Skip to content

OLTP vs OLAP

Property Transaction processing systems (OLTP) Analytic systems (OLAP)
Main read pattern Small number of records per query, fetched by key Aggregate over large number of records
Main write pattern Random-access, low-latency writes from user input Bulk import (ETL) or event stream
Primarily used by End user/customer, via web application Internal analyst, for decision support
What data represents Latest state of data (current point in time) History of events that happened over time
Dataset size Gigabytes to terabytes Terabytes to petabytes

Data Warehouse

A data warehouse, is a separate database that analysts can query without affecting OLTP operations. The data warehouse contains a read-only copy of the data in all the various OLTP systems in the company.

Columnar Storage

Row vs. Column

Row-Oriented: Stores all data for a single record (e.g., Name, Age, Salary) together. This is ideal for OLTP (Online Transaction Processing) where you frequently read or write specific individual records (e.g., adding a new user).  

Column-Oriented: Stores all data for a single attribute (e.g., all "Salaries") together. This is ideal for OLAP (Online Analytical Processing) where you want to perform calculations on a specific metric across millions of records (e.g., "What is the average salary?").

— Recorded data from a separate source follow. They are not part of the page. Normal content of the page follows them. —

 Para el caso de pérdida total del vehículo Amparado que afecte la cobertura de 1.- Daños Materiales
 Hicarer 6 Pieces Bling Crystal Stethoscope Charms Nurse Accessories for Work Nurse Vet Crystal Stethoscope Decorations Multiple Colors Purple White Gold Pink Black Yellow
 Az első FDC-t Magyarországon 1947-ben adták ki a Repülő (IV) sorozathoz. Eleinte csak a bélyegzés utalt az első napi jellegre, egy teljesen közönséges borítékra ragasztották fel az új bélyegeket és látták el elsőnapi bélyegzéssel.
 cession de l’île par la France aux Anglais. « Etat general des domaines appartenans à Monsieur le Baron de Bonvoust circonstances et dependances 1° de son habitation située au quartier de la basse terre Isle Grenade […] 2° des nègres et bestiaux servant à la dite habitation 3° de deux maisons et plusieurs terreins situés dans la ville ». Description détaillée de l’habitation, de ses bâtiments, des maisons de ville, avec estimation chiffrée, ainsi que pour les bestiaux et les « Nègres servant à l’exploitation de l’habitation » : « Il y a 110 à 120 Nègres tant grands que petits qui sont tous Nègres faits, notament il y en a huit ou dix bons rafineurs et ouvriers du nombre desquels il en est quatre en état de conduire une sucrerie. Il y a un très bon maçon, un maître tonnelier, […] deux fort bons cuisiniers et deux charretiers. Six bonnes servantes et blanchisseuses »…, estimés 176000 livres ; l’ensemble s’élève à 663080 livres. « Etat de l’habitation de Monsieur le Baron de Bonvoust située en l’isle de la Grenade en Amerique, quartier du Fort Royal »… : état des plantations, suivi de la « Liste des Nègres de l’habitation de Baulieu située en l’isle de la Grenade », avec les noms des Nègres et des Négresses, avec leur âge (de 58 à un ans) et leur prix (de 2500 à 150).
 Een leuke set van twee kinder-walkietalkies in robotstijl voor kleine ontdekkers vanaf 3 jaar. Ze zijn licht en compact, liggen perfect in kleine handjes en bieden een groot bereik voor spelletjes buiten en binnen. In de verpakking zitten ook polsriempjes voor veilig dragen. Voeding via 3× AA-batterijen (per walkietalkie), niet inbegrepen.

Let's consider a simple Employees table with the following schema: id (int), age (int), salary (int), dept (string)

id age salary dept
0 25 50000 HR
1 30 60000 Tech
2 45 90000 Sales

1. Row-Oriented Storage

In a row store, data is written row by row. The storage on disk looks like a long continuous stream of records:

0, 25, 50000, HR; 1, 30, 60000, Tech; 2, 45, 90000, Sales

If you want to calculate the Average Salary:
- The generic "Row" engine must read the entire row (including id, age, and dept) just to get to the salary.
- This wastes I/O bandwidth reading data you don't need.

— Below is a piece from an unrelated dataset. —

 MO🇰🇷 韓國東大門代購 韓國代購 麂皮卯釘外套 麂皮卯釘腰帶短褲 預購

2. Column-Oriented Storage

In a column store, data is written column by column.

0, 1, 2 (IDs) 25, 30, 45 (Ages) 50000, 60000, 90000 (Salaries) HR, Tech, Sales (Depts)

If you want to calculate the Average Salary: - The engine only reads the Salaries block: 50000, 60000, 90000.
- It ignores IDs, Ages, and Depts entirely.
- This is significantly faster for aggregations (OLAP).

Why Columnar Storage is better for OLAP

  1. I/O Efficiency: When performing an aggregation, you only need to read the columns that are relevant to the query. This reduces the amount of data that needs to be read from disk.
  2. Compression: Since all data in a column is of the same type, it can be compressed much more effectively than row-oriented storage.
  3. Cache Efficiency: Since related data is stored together, it is more likely to be found in the CPU cache, which reduces the time it takes to access the data.